CODEWITHSUNDEEP
javaperformancefile-iofilesystems
erotsppa
erotsppa

Reputation: 15021

How to retrieve a list of directories QUICKLY in Java?

Suppose a very simple program that lists out all the subdirectories of a given directory. Sound simple enough? Except the only way to list all subdirectories in Java is to use FilenameFilter combined with File.list().

This works for the trivial case, but when the folder has say 150,000 files and 2 sub folders, it's silly waiting there for 45 seconds iterating through all the files and testing for file.isDirectory(). Is there a better way to list sub directories??

PS. Sorry, please save the lectures on having too many files in the same directory. Our live environment has this as part of the requirement.

Upvotes: 24

Views: 45713

Answers (14)

user1324109
user1324109

Reputation: 461

As of 2020, the DirectoryStream does seem to be faster than using File.listFiles() and checking each file with isDirectory().

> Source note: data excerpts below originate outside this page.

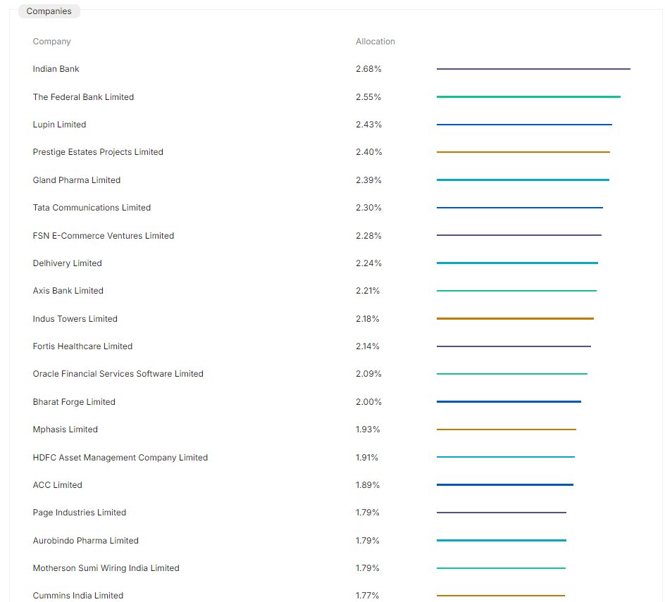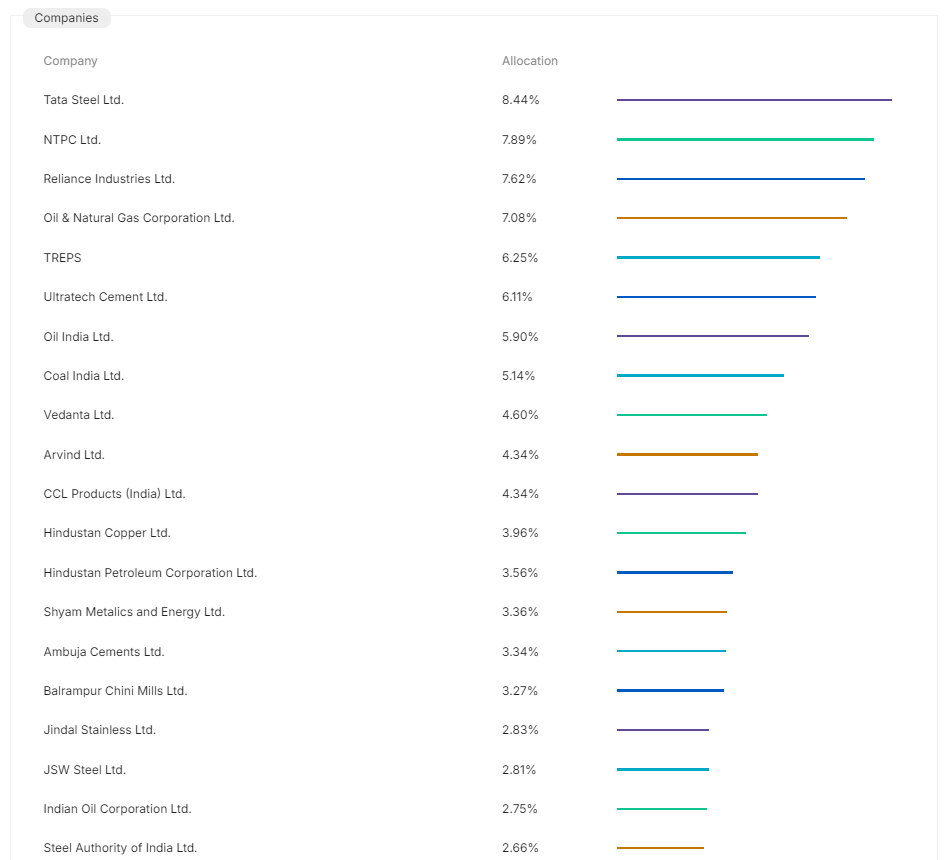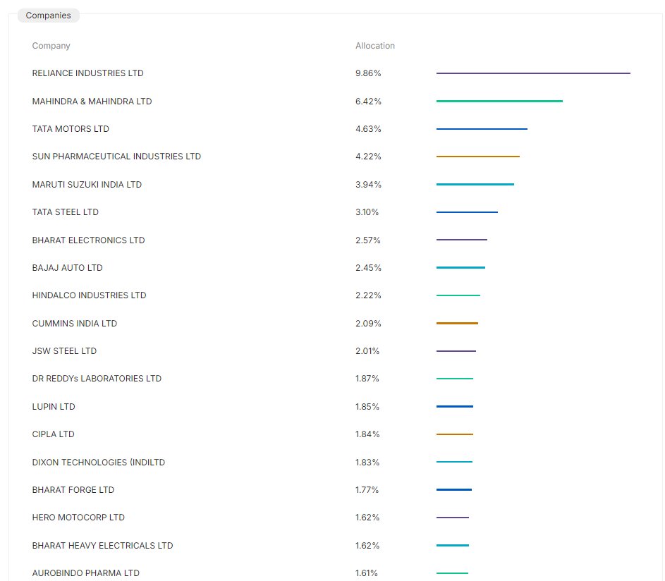 A recently launched yet a good futuristic sector to bet on. They almost have all the heavyweights but a few mid and small-caps as well. Mainly, their allocation looks highly diversified.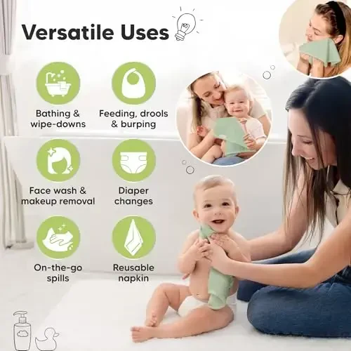 • Versatile Use (Bath Towel, Burp Cloth, Washcloth)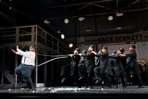 Major Attaway as Fatty Arbuckle and cast in a scene from the New York City Encores!’ revival of Jerry Herman’s “Mack & Mabel” (Photo credit: Joan Marcus)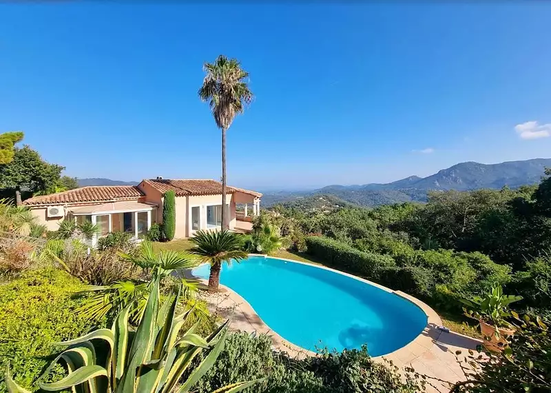 Magnifique villa avec piscine de 5 pièces d'environ 180m² dans un cadre de vie exceptionnel. Véritable produit coup de cœur avec son séjour qui offre un magnifique panorama sur les iles de Lérins et la corniche de l’Esterel.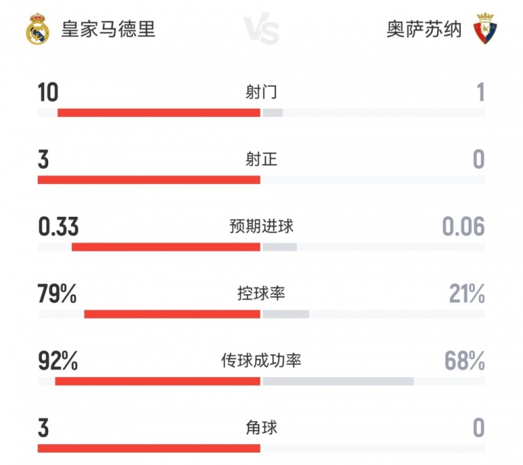 播吧8月20日訊 西甲首輪,皇馬半場(chǎng)0-0奧薩蘇納。雙方半場(chǎng)重點(diǎn)數(shù)據(jù)對(duì)比如下↓(主隊(duì)皇馬在前)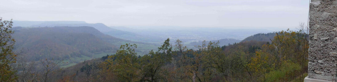 Eine herbstliche Wanderung mit noch passabler Fernsicht, das Wetter war besser als vorhergesagt, morgens noch teilweise mit blauen Flecken am Himmel. Bei Wiederholung der Wanderung im Sommer ist die Aussicht aus dem Wald wohl nicht so gut, dafür kann man sich an der Flora und Fauna der Magerwiesen erfreuen.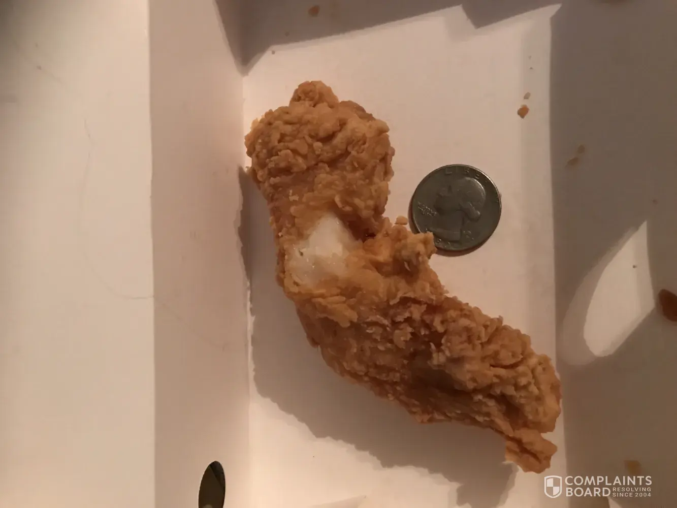 chicken tenders where the size of chicken nuggets. For $21 I will not be coming back if that's how they are doing things. That's the size of a dam kids meal. This needs fixed ASAP all 4 where like that size not worth my money !!! To top it off our food was not very warm and the tea taste like it's been sitting all day. Service was fine food was not !!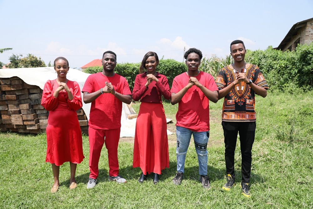 ??2024年2月7日,在盧旺達(dá)南方省卡莫尼地區(qū),盧旺達(dá)青年團(tuán)隊(duì)成員向鏡頭前觀眾送上新春祝福。新華社發(fā)(黃萬(wàn)晴 攝)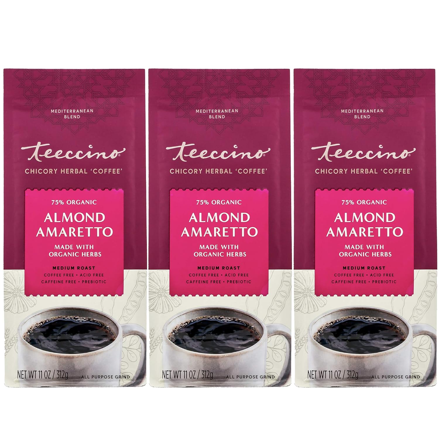 Teeccino Almond Amaretto Chicory Coffee Alternative - Ground Herbal Coffee That’s Prebiotic, Caffeine Free & Acid Free, Medium Roast, 11 Ounce (Pack of 3)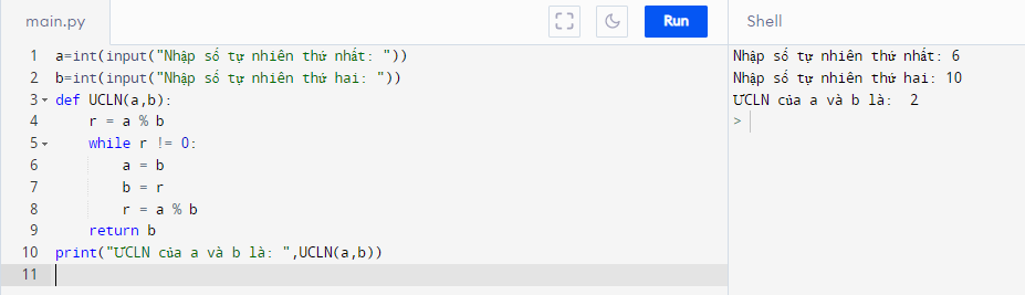 print("ƯCLN của a và b là: ",UCLN(a,b))
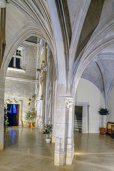 Le château de la Roque, aussi appelé château de la Roque des Péagers, est situé à Meyrals, dans le Périgord noir. Sa construction remonterait au XIIe siècle, peut-être à une période antérieure. Fief des Beynac puis des Beaumont, il a vu naître Christophe de Beaumont (1703-1781) qui y fut exilé en 1754 par Louis XV. L'édifice, de plan irrégulier, s'articule autour d'un corps de logis adossé à un donjon carré et flanqué de deux tours rondes à collerettes de mâchicoulis. La façade d'entrée a été remaniée au XVIe siècle par l'adjonction d'un corps de logis entre les tours, percé d'un porche et orné d'une lucarne à meneaux cruciformes coiffée d'un fronton aigu ; la porte du corps de logis porte la date de 1622 et la cour intérieure s'ouvre sur une porte de style Louis XII. L'accès primitif était défendu par un châtelet rectangulaire à mâchicoulis, pourvu d'archères cruciformes et précédé d'un pont-levis. Bâti sur le versant sud d'un site défensif d'époque de La Tène, au-dessus d'un front de falaises abritant des cluzeaux, le château domine la vallée du Moulant, entre les communes de Castels, Meyrals et Saint-Cyprien ; il est séparé de la colline par une douve sèche. Deux logis du XVe siècle forment un angle en équerre et communiquent avec deux tours pourvues de mâchicoulis, l'une carrée et l'autre ronde, reliées par un pavillon à tourelle aux fenêtres de style Renaissance. Les différents corps de logis, construits sur le rocher, comptent deux étages sous des toitures en ardoise à deux pans ; les tours circulaires sont couvertes en poivrière tandis que la tour carrée présente une toiture à quatre pans couverte de lauzes. Le château conserve un oratoire probablement du XIVe siècle, aménagé au rez-de-chaussée du donjon rectangulaire, dont les murs et voûtes sont revêtus de peintures murales remarquables attribuées par les sources aux XVe, XVIe et XVIIe siècles. Sur la voûte figure le Père Éternel entouré des évangélistes, et les murs présentent des scènes de la Passion, notamment Jésus chez Caïphe, Pilate se lavant les mains et Jésus tombant sous le poids de sa croix ; l'angle sud montre une Annonciation dans les écoinçons de l'arc de décharge, et le mur ouest illustre l'entrée du Christ à Jérusalem et l'agonie à Gethsémani. Le chevet plat de l'oratoire s'organise en deux registres : le registre inférieur présente une mise au tombeau centrée sur le Christ mort étendu sur un suaire, tandis que le registre supérieur, encadrant la baie, montre la Crucifixion, les donateurs agenouillés et saint François d'Assise ; parmi les personnages représentés figurent François de Beynac et Jeanne de Salignac. Une reproduction de ces fresques est conservée au Musée des Monuments Français à Paris. Le château a été inscrit au titre des monuments historiques le 5 novembre 1927 et les fresques de l'oratoire ont été classées le 1er octobre 1963.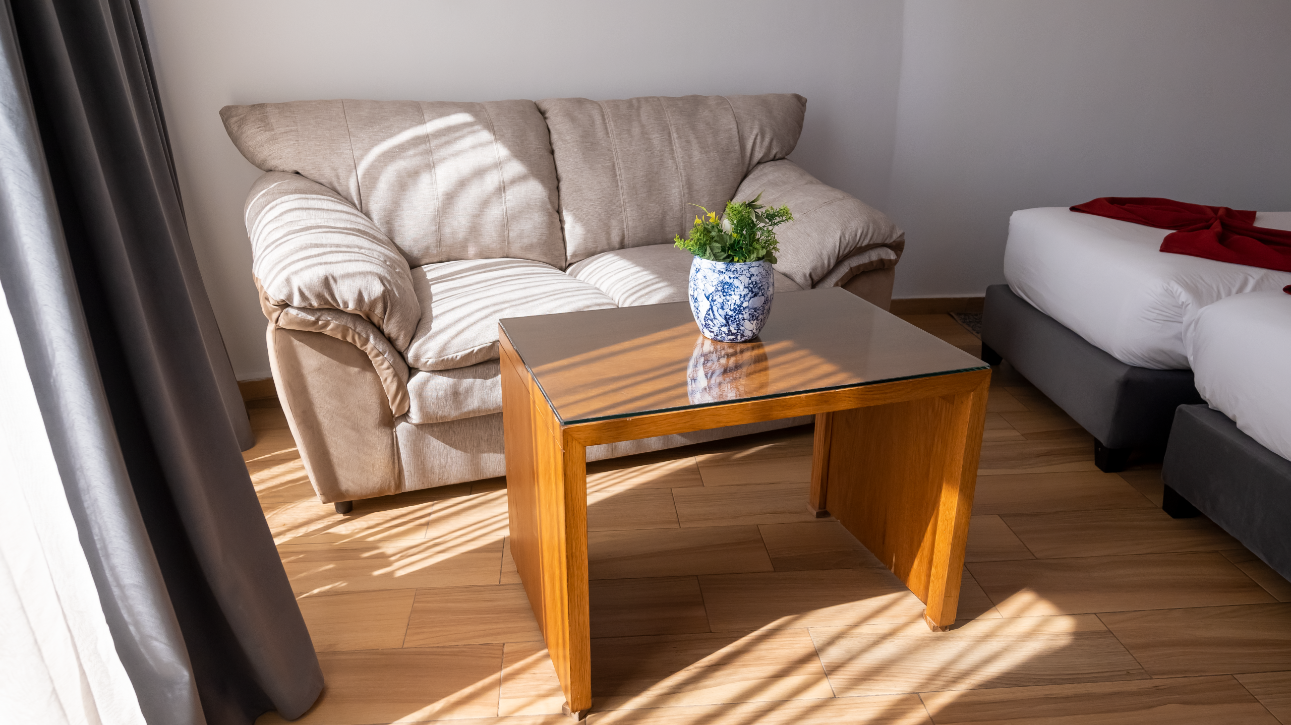Une chambre twin avec deux lits simples, un canapé, une table,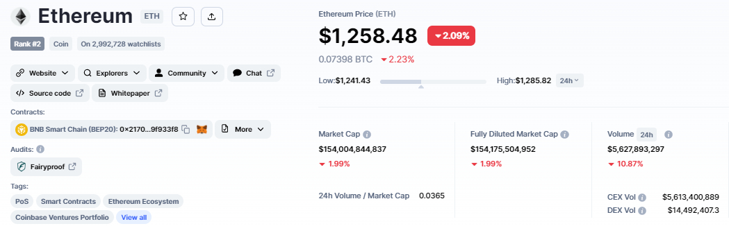 Ethereum price and tokenomics - Source: coinmarketcap
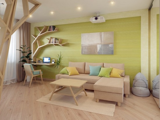 Pour se détendre c'était confortable non seulement pour les adultes, mais aussi pour les enfants, aménagez un espace enfants dans le salon.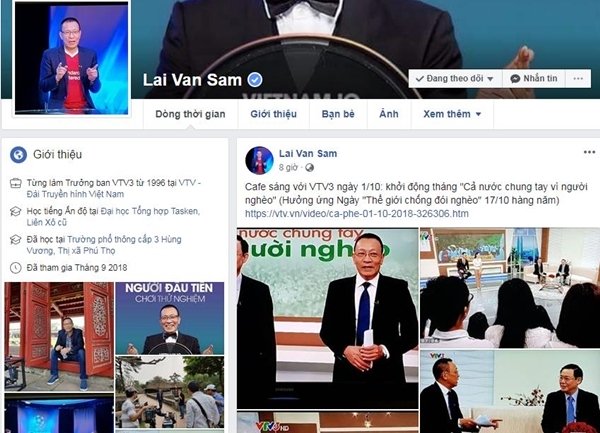 Trên trang cá nhân mới tạo lập, nhà báo Lại Văn Sâm cũng chưa chia sẻ nhiều. Ông chủ yếu đăng tải hình ảnh của mình khi tham gia các chương trình truyền hình.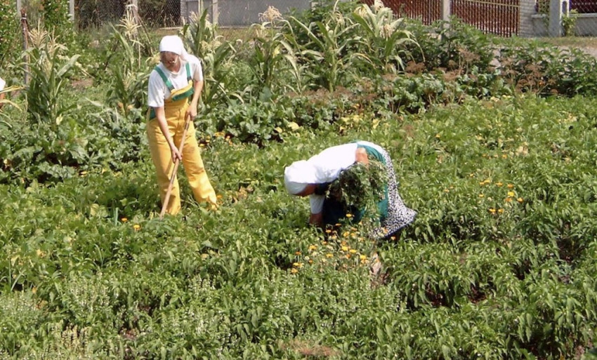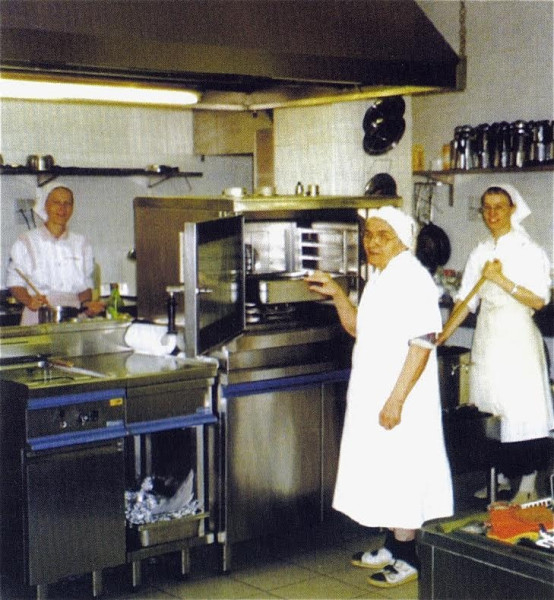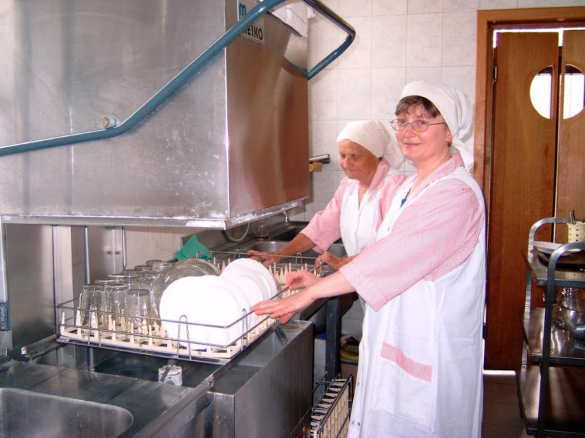 Másik fő elfoglaltságunk a fizikai munka: a Krisztus iránti szeretetből vállalt megélhetésünkhöz szükséges földművelés, a vendéglátás és a vendégházak gondozása. A monostor kertjében és a város másik szélén lévő földünkön zöldséget és gyümölcsöt termelünk. A vendéglátásban sokféle csoportot fogadunk: lelkigyakorlatozóktól kezdve a tanfolyamokon résztvevőkig. Vendégeinkkel nem találkozunk, de mégis egészen velük vagyunk, értük is dolgozunk és imádkozunk.

I learned the answer from here:

https://www.baeldung.com/java-list-directory-files

I'm using Java 1.8 on Windows 10.

Upvotes: 0

Xtra Coder
Xtra Coder

Reputation: 3497

I came across similar question when debugging performance in a Java application enumerating plenty of files. It is using old approach

for (File f : new File("C:\\").listFiles()) {
    if (f.isDirectory()) {
        continue;
    }        
}

And it appears that each f.isDirectory() is the call into native FileSsystem which, at least on NTFS, is very slow. Java7 NIO has additional API, but not all methods are good there. I'll just provide JMH benchmark result here

Benchmark                  Mode  Cnt  Score    Error  Units
MyBenchmark.dir_listFiles  avgt    5  0.437 ?  0.064   s/op
MyBenchmark.path_find      avgt    5  0.046 ?  0.001   s/op
MyBenchmark.path_walkTree  avgt    5  1.702 ?  0.047   s/op

Number come from execution of this code:

java -jar target/benchmarks.jar -bm avgt -f 1 -wi 5 -i 5 -t 1

static final String testDir = "C:/Sdk/Ide/NetBeans/src/dev/src/";
static final int nCycles = 50;

public static class Counter {
    int countOfFiles;
    int countOfFolders;
}

@Benchmark
public List<File> dir_listFiles() {
    List<File> files = new ArrayList<>(1000);

    for( int i = 0; i < nCycles; i++ ) {
        File dir = new File(testDir);

        files.clear();
        for (File f : dir.listFiles()) {
            if (f.isDirectory()) {
                continue;
            }
            files.add(f);
        }
    }
    return files;
}

@Benchmark
public List<Path> path_walkTree() throws Exception {
    final List<Path> files = new ArrayList<>(1000);

    for( int i = 0; i < nCycles; i++ ) {
        Path dir = Paths.get(testDir);

        files.clear();
        Files.walkFileTree(dir, new SimpleFileVisitor<Path> () {
            @Override
            public FileVisitResult visitFile(Path path, BasicFileAttributes arg1) throws IOException {
                files.add(path);
                return FileVisitResult.CONTINUE;
            }

            @Override
            public FileVisitResult preVisitDirectory(Path path, BasicFileAttributes arg1) 
                    throws IOException {
                return path == dir ? FileVisitResult.CONTINUE : FileVisitResult.SKIP_SUBTREE;
            }
        });
    }

    return files;
}

@Benchmark
public List<Path> path_find() throws Exception {
    final List<Path> files = new ArrayList<>(1000);

    for( int i = 0; i < nCycles; i++ ) {
        Path dir = Paths.get(testDir);

        files.clear();
        files.addAll(Files.find(dir, 1, (path, attrs) 
                -> true /*!attrs.isDirectory()*/).collect(Collectors.toList()));
    }

    return files;
}

Upvotes: 6

dfa
dfa

Reputation: 116314

there is also a recursive parallel scanning at http://blogs.oracle.com/adventures/entry/fast_directory_scanning. Essentially siblings are processed in parallel. There also encouraging performance tests.

Upvotes: 1

Roman Zenka
Roman Zenka

Reputation: 3604

The key problem could be File.isDirectory() function called in a loop.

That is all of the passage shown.